Since the vast majority of the observations in the data are one of the top four or five property types, we would like to create a simplified version of property_type variable that has five categories: the top four categories and Other.
Moreover, as we only care about houses that offer four-night renting, we filter data set to only include minimum nights less than or equal to four nights.
Lastly, We also create a new variable named price_4_nights to calculate the total cost for two people to stay at the Airbnb property for four nights.
### Changing characters variables to numerical ones
tidy_listings <- tidy_listings %>%
mutate(price = parse_number(price), cleaning_fee = parse_number(cleaning_fee),
extra_people = parse_number(extra_people))
### Creating neighbourhood_cleased variable
tidy_listings$neighbourhood_cleansed <- as.factor(tidy_listings$neighbourhood_cleansed)
tidy_listings <- tidy_listings %>%
mutate(neighbourhood_simplified = case_when(
neighbourhood_cleansed %in% c("Cuauhtémoc", "Venustiano Carranza", "Gustavo A. Madero") ~ "Cuauhtémoc",
neighbourhood_cleansed %in% c("Miguel Hidalgo", "Azcapotzalaco") ~ "Miguel Hidalgo",
neighbourhood_cleansed %in% c("Benito Juárez", "Iztacalco") ~ "Benito Juárez",
neighbourhood_cleansed %in% c("Coyoacán", "Iztapalapa") ~ "Coyoacán",
neighbourhood_cleansed %in% c("Álvaro Obregón", "Cuajimalpa de Morelos", "La Magdalena Contreras") ~ "Álvaro Obregón",
TRUE ~ "Tlalpan"
))
### Creating amenities_clean variable
tidy_listings <- tidy_listings %>%
mutate(amenities_clean = count.fields(textConnection(amenities), sep = ","))
### Sorting the data to show the four most common properties types
sort(table(tidy_listings$property_type),decreasing=TRUE)[1:4]
##
## Apartment House Condominium Loft
## 13545 3289 1577 1120
### Sorting the data such that the top four property types have their own category and the remaining categories fall into 'other'.
tidy_listings <- tidy_listings %>%
mutate(prop_type_simplified = case_when(
property_type %in% c("Apartment","House", "Condominium","Loft") ~ property_type,
TRUE ~ "Other"
))
### Filtering minimum nights lower than or equal to 4 nights
tidy_listings <- filter(tidy_listings, minimum_nights <= 4)
### Change NA values to 0 in cleaning fees
tidy_listings <- tidy_listings %>%
mutate(cleaning_fee = case_when(
is.na(cleaning_fee) ~ 0,
TRUE ~ cleaning_fee
))
### Create a new variable price_4_nights
tidy_listings <- tidy_listings %>%
mutate(price_4_nights = case_when(
guests_included >= 2 ~ 4*price + cleaning_fee,
guests_included < 2 ~ 4*price + cleaning_fee + 4*extra_people))
Now, variables are manipulated and adjusted.
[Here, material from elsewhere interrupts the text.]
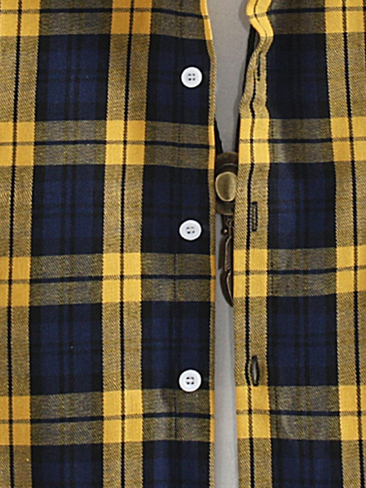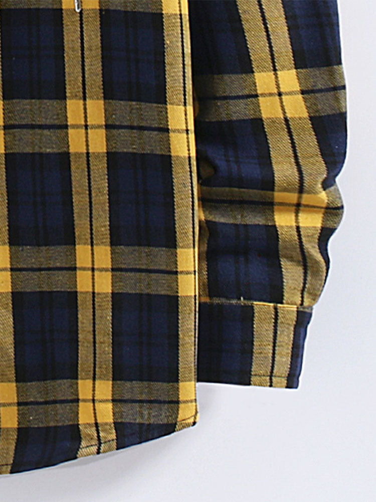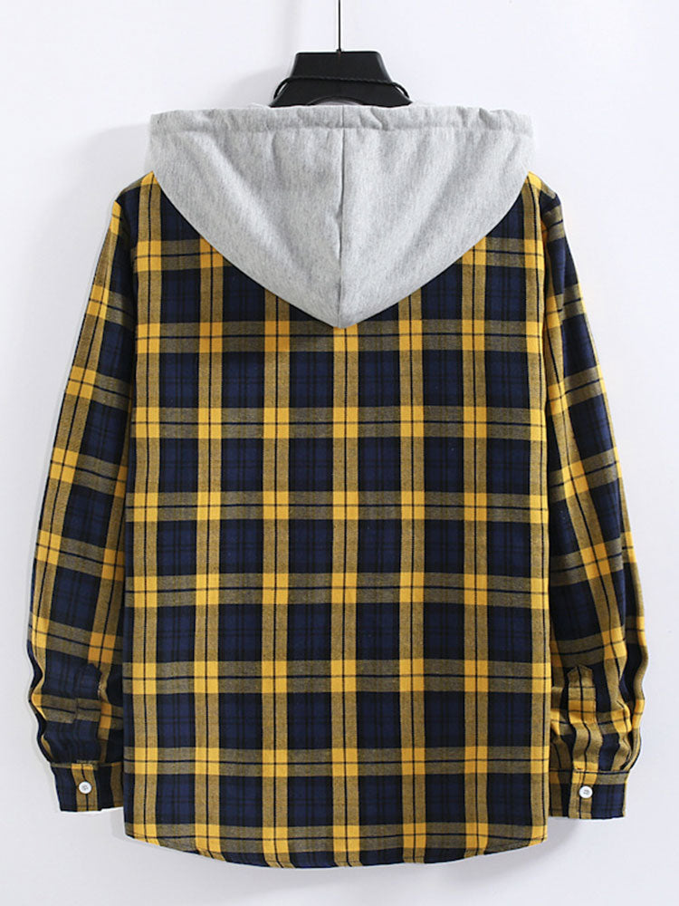 Plaid Contrast Button Up Hooded Shirt

We assumed ‘NA’ values appear when the host has left the additional cleaning fee box blank, therefore, we set the NAs to 0.
We have more than 5,000 NA values in column review_scores_ratings so we will first plot a scatterplot to see if there is a strong relationship between review score and price.
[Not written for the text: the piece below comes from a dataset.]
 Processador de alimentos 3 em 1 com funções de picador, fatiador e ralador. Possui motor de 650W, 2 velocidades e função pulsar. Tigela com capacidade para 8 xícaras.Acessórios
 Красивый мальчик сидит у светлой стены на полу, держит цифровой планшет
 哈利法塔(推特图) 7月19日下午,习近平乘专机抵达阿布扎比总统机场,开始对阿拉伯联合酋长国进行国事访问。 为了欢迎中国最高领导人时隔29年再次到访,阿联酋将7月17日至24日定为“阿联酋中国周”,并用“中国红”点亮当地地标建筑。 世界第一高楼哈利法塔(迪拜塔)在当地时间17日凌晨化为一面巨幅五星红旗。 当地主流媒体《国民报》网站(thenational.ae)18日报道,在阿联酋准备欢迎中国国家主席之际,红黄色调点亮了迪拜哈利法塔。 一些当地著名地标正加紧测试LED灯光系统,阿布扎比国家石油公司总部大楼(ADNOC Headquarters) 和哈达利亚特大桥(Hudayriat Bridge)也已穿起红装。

ggplot(tidy_listings, aes(x = review_scores_rating,
y = price)) +
geom_point()

cor(tidy_listings$review_scores_rating, tidy_listings$price,
use = "complete.obs")
## [1] 0.00346
We fond out that the correlation between review score and price is only 0.0346 which means that there is nearly no linear relationship between them. We, thus, remove this variable from our data set.
Handling Missing values
Let us drop all the rows which include NA values in our data set.
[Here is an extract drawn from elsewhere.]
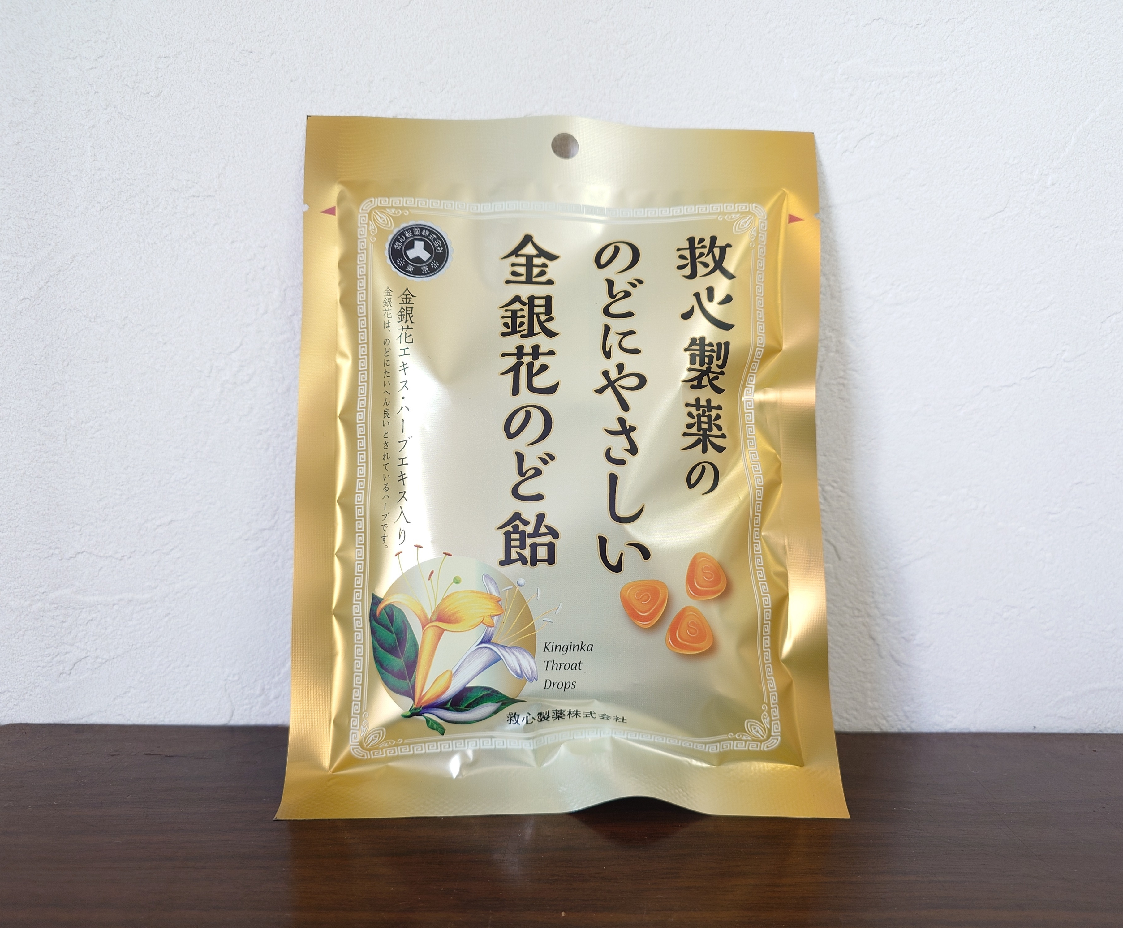 金銀花のど飴70g(税込324円)金銀花エキス・ハーブエキス配合、のどにやさしくスッキリとしたのど飴です。

The point is that we cannot keep missing observations because they will mess up our regressions later in the analysis.
# tidy_listings %>%
#dplyr::filter(!is.na(number_of_reviews),
#!is.na(bathrooms),
#!is.na(bedrooms),
#!is.na(beds),
#!is.na(review_scores_rating),
#!is.na(cancellation_policy))
Visualisations
My favourite part comes with nice plots and graphs about different variables for a clearer visualisation of the dataset.
Price variable analysis
summary(tidy_listings$price)
## Min. 1st Qu. Median Mean 3rd Qu. Max.
## 0 408 747 1509 1358 349990
ggplot(tidy_listings, aes(x=price)) +
geom_density()
From summary statistics and distribution, we find out that the median of price is 747 but the maximum is 349,990 which does not make sense and the distribution is highly right-skewed.
Thus, we will include only price under 3,000 in our data set because we believe this is a reasonable price range, and any values higher than that are outliers.
Density plot of price-4-nights
#
tidy_listings <- tidy_listings %>%
filter(price <= 3000)
#
ggplot(tidy_listings, aes(x = price_4_nights)) +
geom_density()

ggplot(tidy_listings, aes(x = price_4_nights)) +
scale_x_log10() +
geom_density()

#log_price_4_nights
tidy_listings <- tidy_listings %>%
mutate (log_price_4_nights = log(price_4_nights))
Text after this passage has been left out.